The provocative Dutch director talks to the Talent Press about reconciling art and entertainment.


Paul Verhoeven

Known for his ultra-violent and satirical action films (ROBOCOP, STARSHIP TROOPERS) and wild Dutch films (SOLDIER OF ORANGE, TURKISH DELIGHT), Paul Verhoeven is renowned for his entertaining storytelling style. Speaking on this year's Campus theme, “Some Like It Hot: Filmmakers as Entertainers“, this is a director dissatisfied with the mere notion of providing entertainment. As he says in his own words: “I consider making movies a form of art.”

Yet it was shooting military propaganda documentaries for the Dutch Marines that initiated Verhoeven’s career. “The most important movie I made when working with the Marines was a twenty-minute documentary. I made that very much like an action movie. I copied basically the way of shooting of the first two James Bond movies: DR NO & FROM RUSSIA WITH LOVE.”

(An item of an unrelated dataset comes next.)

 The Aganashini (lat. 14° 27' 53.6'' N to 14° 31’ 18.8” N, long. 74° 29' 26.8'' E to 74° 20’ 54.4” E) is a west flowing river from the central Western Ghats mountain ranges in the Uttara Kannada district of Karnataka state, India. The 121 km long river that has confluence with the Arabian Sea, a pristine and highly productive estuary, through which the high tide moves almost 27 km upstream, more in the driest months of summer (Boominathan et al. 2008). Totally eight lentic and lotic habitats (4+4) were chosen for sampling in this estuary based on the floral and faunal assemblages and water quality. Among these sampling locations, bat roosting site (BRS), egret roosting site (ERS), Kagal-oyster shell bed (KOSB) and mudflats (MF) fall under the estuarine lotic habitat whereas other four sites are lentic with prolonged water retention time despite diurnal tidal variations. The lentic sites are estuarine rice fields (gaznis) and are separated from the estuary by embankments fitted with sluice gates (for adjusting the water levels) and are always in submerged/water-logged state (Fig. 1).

The opportunity to make these films trained Verhoeven in action directing. “The whole navy was at my disposal and this was because the General of the Marines wanted this for the 300th anniversary of the Marines.” Yet he reflects with an air of cynicism that, “of course it is as much propaganda as TRIUMPH OF THE WILL, in some way. I mean, less of course, because it’s not an ideology that I’m presenting…”

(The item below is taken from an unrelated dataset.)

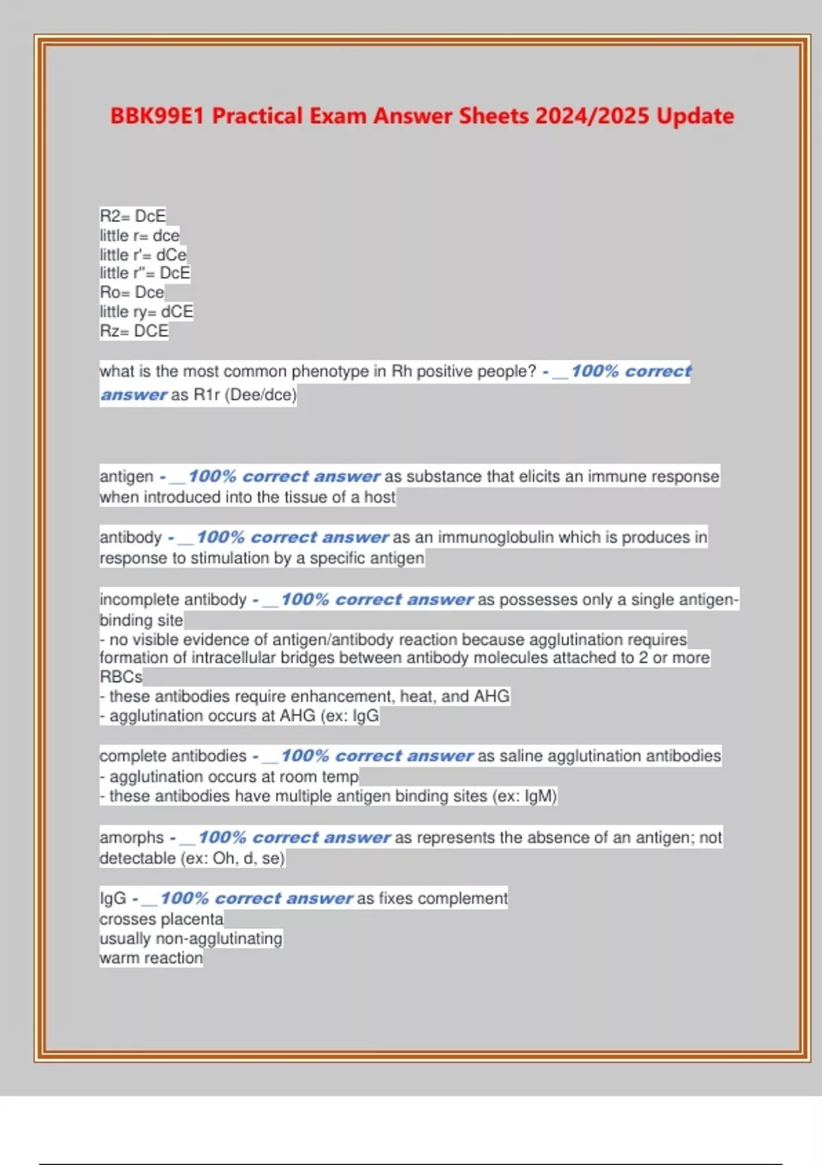 BBK99E1 Practical Exam Answer Sheets 2024/2025 Update

Reconciling this with Verhoeven’s move into feature filmmaking, with SOLDIER OF ORANGE and TURKISH DELIGHT, seems absurd to a foreign onlooker. “Well they were seen as art films outside the country, but in Holland they were not. They were very mainstream, and one of them (TURKISH DELIGHT) had the largest amount of spectators ever for a Dutch movie.”

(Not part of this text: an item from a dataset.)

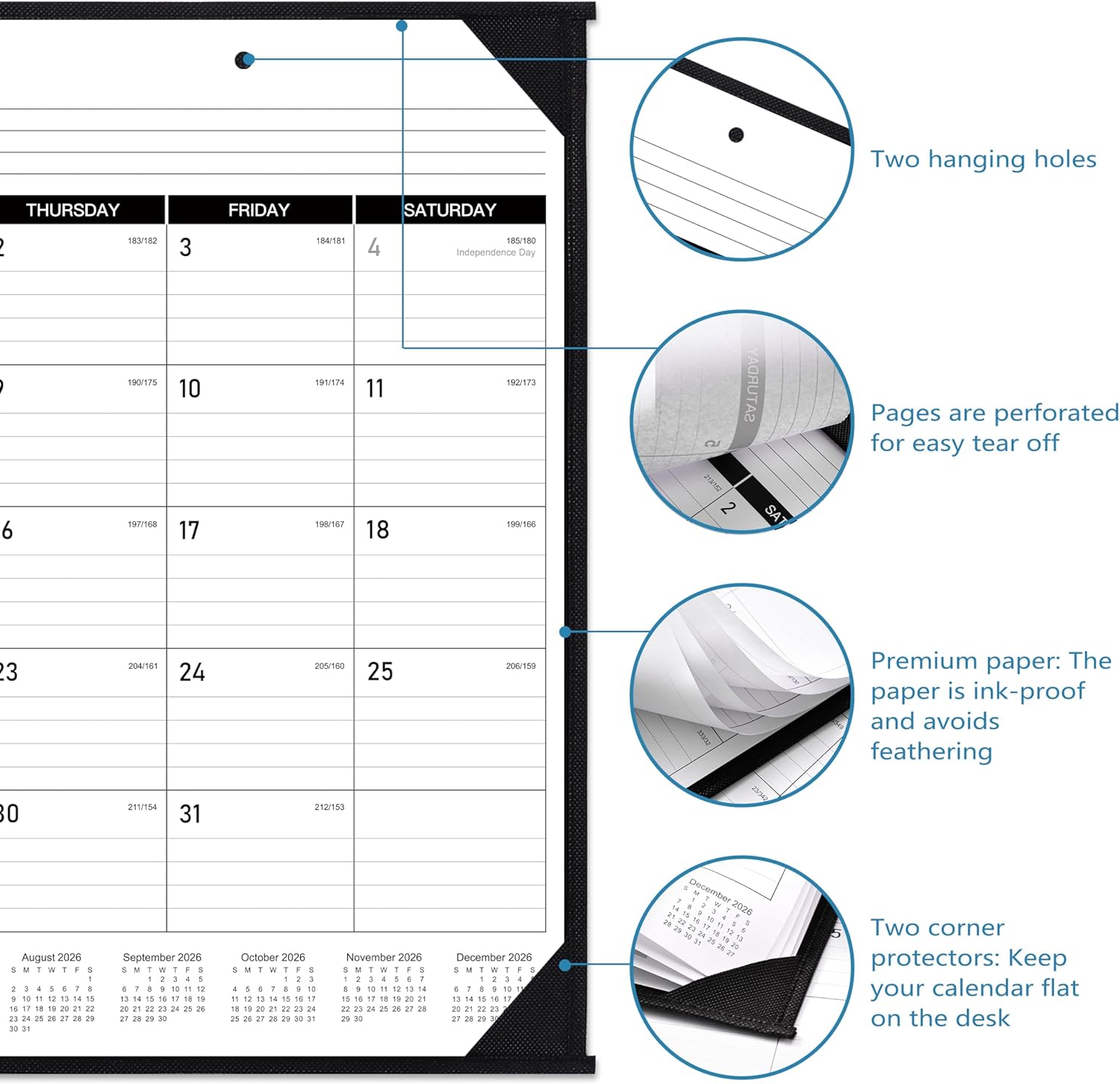 - Function Design - This large desk calendar 2026 can be used to switch between desk calendar or wall calendar as needed. It has two transparent corners and hanging holes. The hanging holes make it easy to use as a wall calendar, and corner guards help keep the paper flat. When the month is over, the pages you can tear them off smoothly and easily, which is a good tool for long-term planning.

Though he considers himself an artist, Verhoeven’s understanding of film narrative is not a fanciful one. He admits that a film is “not like a painting that you see in a split second, so you need to follow the rules of drama.” Expounding on the need to entertain, Verhoeven describes a movie going nightmare: “It’s horrible because you cannot walk out to the kitchen, or have a coffee or a cigarette, you are locked in this chair in the middle of a theatre and you don’t like it… you’re bored, you’re bored, you’re bored!” However, in terms of content, Verhoeven’s films complement the title of his Campus talk, “Follow Your Instincts“. “I don’t think about what the audience wants, I think about what I want. You have to live in the hope that your taste is not so different from the audience.”

So what can the filmmakers of the Campus learn from Paul Verhoeven? His wisdom lies in his ability to find a balance between his intent and the need for form. “I think about structure, I think about tension… but that’s technique, isn’t it?” He concludes, “…yeah it’s art, but it’s also fighting time.” Just as we run out of interview time, Verhoeven summarises his final thoughts on the challenges of filmmaking. With a laugh he admits “...in retrospect I would have preferred to be a painter!”